### Requirement:
Could every line below be transcribed exactly, with the pictures dropped?

### Information provided:

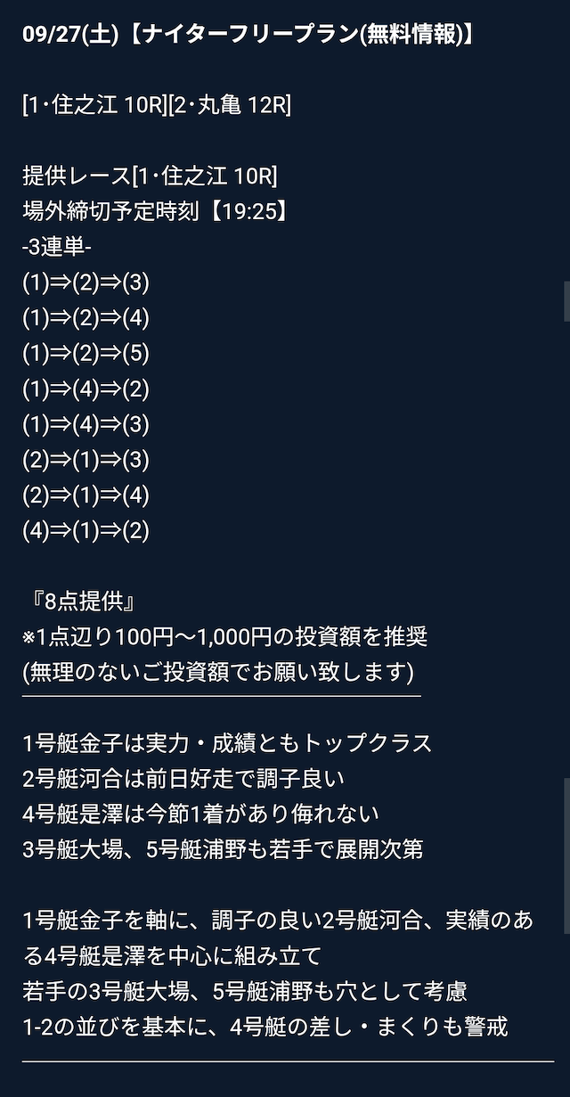 最初は裏があるんじゃないかと疑ってましたけど、今は安心して使ってます。 特に週末は3戦2勝くらいのペースで来てるので、下手な有料より使えます。投稿日:2025/08/02
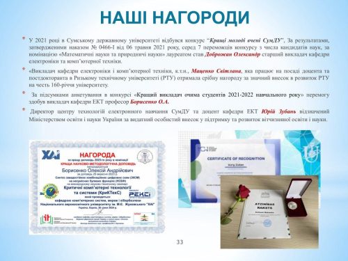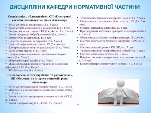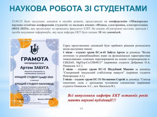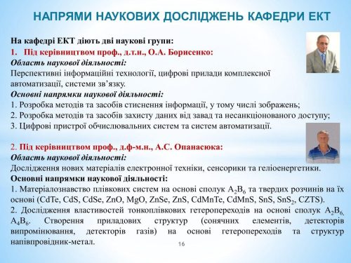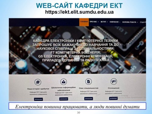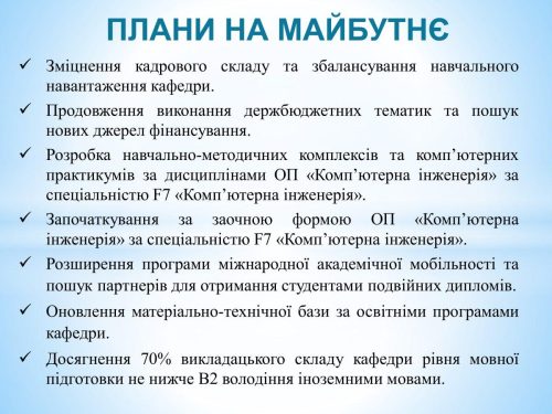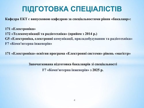 Таким чином, кафедра електроніки і комп’ютерної техніки поєднує класичні університетські підходи до підготовки високо конкурентоздатного випускника з поєднанням інноваційних методів формування фахівців з електроніки, телекомунікацій та комп’ютерної інженерії, які мають ефективні практичні навички досліджувати, створювати та впроваджувати новітні електронні, інформаційні та комп’ютерні технології.
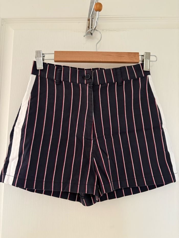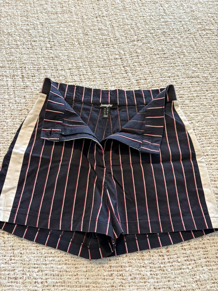 Short « Jennyfer » bleu marine rayé, taille 34 TBE Tour de taille 32 cm Longueur de la taille à l’entrejambe 30 cm #sandra13190femmestailleXXS #sandra13190femmestailleXS
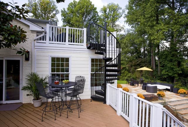 This first deck design idea features a spiral stair that connects several decks. Multi level deck designs are great for homes that are looking to make the most of their outdoor space without building out. Each level of the deck gains a level of protection from the elements, allowing the homeowner to enjoy their decks during any season. This particular stair is an aluminum powder coated spiral stair. The naturally rust prohibitive spiral stair is finished with a powder coating process that gives the stair a maintenance free barrier. The homeowner chose to add matching deck railing and diamond plate treads for added safety in all weather conditions. By keeping the width of the stair small, they were able to make the most of all three levels to their deck.
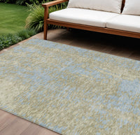 9' X 12' Beige And Blue Abstract Washable Indoor Outdoor Area Rug

### Response:
 最初は裏があるんじゃないかと疑ってましたけど、今は安心して使ってます。 特に週末は3戦2勝くらいのペースで来てるので、下手な有料より使えます。投稿日:2025/08/02
 Таким чином, кафедра електроніки і комп’ютерної техніки поєднує класичні університетські підходи до підготовки високо конкурентоздатного випускника з поєднанням інноваційних методів формування фахівців з електроніки, телекомунікацій та комп’ютерної інженерії, які мають ефективні практичні навички досліджувати, створювати та впроваджувати новітні електронні, інформаційні та комп’ютерні технології.
 Short « Jennyfer » bleu marine rayé, taille 34 TBE Tour de taille 32 cm Longueur de la taille à l’entrejambe 30 cm #sandra13190femmestailleXXS #sandra13190femmestailleXS
 This first deck design idea features a spiral stair that connects several decks. Multi level deck designs are great for homes that are looking to make the most of their outdoor space without building out. Each level of the deck gains a level of protection from the elements, allowing the homeowner to enjoy their decks during any season. This particular stair is an aluminum powder coated spiral stair. The naturally rust prohibitive spiral stair is finished with a powder coating process that gives the stair a maintenance free barrier. The homeowner chose to add matching deck railing and diamond plate treads for added safety in all weather conditions. By keeping the width of the stair small, they were able to make the most of all three levels to their deck.
 9' X 12' Beige And Blue Abstract Washable Indoor Outdoor Area Rug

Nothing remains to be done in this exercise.